THE SOUNDS – “Tony The Beat (Rex The Dog Remix)”: To this day I don’t think I’ve heard the non-canine “Tony The Beat” (the Jaques Lu Cont equivalent of this is “Avalon” by Juliet) – and there’s no clue the song has that title, it’s just THIS song with THAT enormous chorus. As pure a distillation of the mid-00s rock/dance remix sound as you’d want, then. NO.

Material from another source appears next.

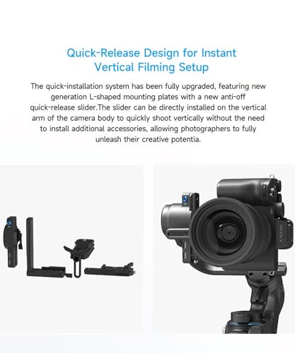 [Quick-release design for instant vertical filming setup]: The quick-installation system has been fully upgraded, featuring newgeneration L-shaped mounting plates with a new anti-off quick-release slider. The slider can be directly installed on the vertical arm of the camera body to quickly shoot vertically without the need to install additional accessories, allowing photographers to fully unleash their creative potential.

CANSEI DE SER SEXY – “Let’s Make Love And Listen To Death From Above”: A bonus addition – this was the first new favourite I heard via some POP MUSIC ORGANISED FUN that I was running, so it’s the secret origin of the pop polls in a way. Stevie T was managing Brazil in the first Pop World Cup we did on LiveJournal, and put forward CSS, which none of us had heard and which swept the round (he was very early on the hype train for this one, so we all got to share a bit in the thrill when it became A Thing). Stands up well. NO.

A brutal culling today – 2007 has a lot fewer songs but also more big favourites. No wonder there’s panic in the industry.